Culture
ZéroZéroZéro, la série de Canal+ réinvente la fiction sur les narco-trafiquants
Auteur : Baptiste Le Guay
Article publié le 16 avril 2020 à 18 h 49 min – Mis à jour le 16 avril 2020 à 18 h 56 min
Inspirée du livre de Roberto Saviano « Extra pure : voyage dans l’économie de la cocaïne », la minisérie de Canal+ ZéroZéroZéro plonge avec réalisme au cœur du circuit désormais mondial de la cocaïne. Les fils narratifs mêlent habilement mafieux, terroristes et états corrompus. Avec un mode narratif particulièrement percutant.
Une minisérie signée par les créateurs de Gomorra, Roberto Saviano à l’écriture et Stephano Sollima à la réalisation
Le « triple zéro » du titre de cette minisérie Canal+ de huit épisodes fait référence à la qualité et la pureté d’une marchandise désormais devenue commodité mondialisée : la cocaïne.
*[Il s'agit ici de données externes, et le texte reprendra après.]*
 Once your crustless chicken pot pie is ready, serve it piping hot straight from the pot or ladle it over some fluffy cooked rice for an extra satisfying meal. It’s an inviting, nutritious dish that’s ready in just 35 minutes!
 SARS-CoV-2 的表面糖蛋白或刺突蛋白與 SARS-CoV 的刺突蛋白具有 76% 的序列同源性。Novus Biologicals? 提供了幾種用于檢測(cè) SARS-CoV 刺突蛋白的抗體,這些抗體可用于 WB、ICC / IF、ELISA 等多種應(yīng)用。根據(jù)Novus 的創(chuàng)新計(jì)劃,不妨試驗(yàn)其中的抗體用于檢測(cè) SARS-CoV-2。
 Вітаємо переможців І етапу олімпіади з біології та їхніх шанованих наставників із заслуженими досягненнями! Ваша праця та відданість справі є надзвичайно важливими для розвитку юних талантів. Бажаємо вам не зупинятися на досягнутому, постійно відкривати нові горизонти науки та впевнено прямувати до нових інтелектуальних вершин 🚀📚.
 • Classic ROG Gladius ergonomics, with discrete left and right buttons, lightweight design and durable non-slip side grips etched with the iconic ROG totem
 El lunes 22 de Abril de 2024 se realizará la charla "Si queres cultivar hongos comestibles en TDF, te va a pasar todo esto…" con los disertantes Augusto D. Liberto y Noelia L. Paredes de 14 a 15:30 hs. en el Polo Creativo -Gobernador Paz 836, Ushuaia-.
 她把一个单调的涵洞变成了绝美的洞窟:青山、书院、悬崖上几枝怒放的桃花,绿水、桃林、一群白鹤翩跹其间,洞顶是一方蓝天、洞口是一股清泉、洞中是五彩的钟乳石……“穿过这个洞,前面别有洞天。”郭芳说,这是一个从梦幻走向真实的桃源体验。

Son originalité réside précisément sur l’accent mis sur la mondialisation des réseaux – criminels ou terroristes – qui organisent son commerce. La série nous embarque du Mexique à l’Italie en passant par la Nouvelle Orléans, en passant par l’Afrique, où règnent des autorités locales la corruption et des djihadistes maîtres du désert. Tous sont régis par des intérêts distincts, l’appât du gain, et le recours à une violence débridée.
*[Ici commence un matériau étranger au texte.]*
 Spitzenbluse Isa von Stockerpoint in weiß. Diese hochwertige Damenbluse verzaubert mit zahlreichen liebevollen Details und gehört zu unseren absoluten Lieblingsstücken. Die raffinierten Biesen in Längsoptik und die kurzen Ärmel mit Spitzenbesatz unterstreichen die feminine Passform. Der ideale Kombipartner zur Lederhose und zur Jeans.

Rentrer dans une mécanique économique pervertie
Zéro Zéro Zéro jette un regard cru sur un écosystème efficace où l’argent reste le ressort implacable, et comment chaque acteur – direct ou indirect – s’intègre avec ou sans le consentement des uns ou des autres. Le prix à payer de cette folle course est toujours celui du sang, souvent des proches, celui ou celle qu’on aime.
En effet, la frontière entre le sang de l’hérédité et le sang de la violence peut être facilement déplacée et franchie. Tant, la famille devient la seule référence à laquelle chaque acteur peut réellement se fier. Elle demeure aussi le point faible qui peut être attaqué ou utilisé. À tout moment, chaque maillon risque ou perd ce qui compte vraiment pour lui.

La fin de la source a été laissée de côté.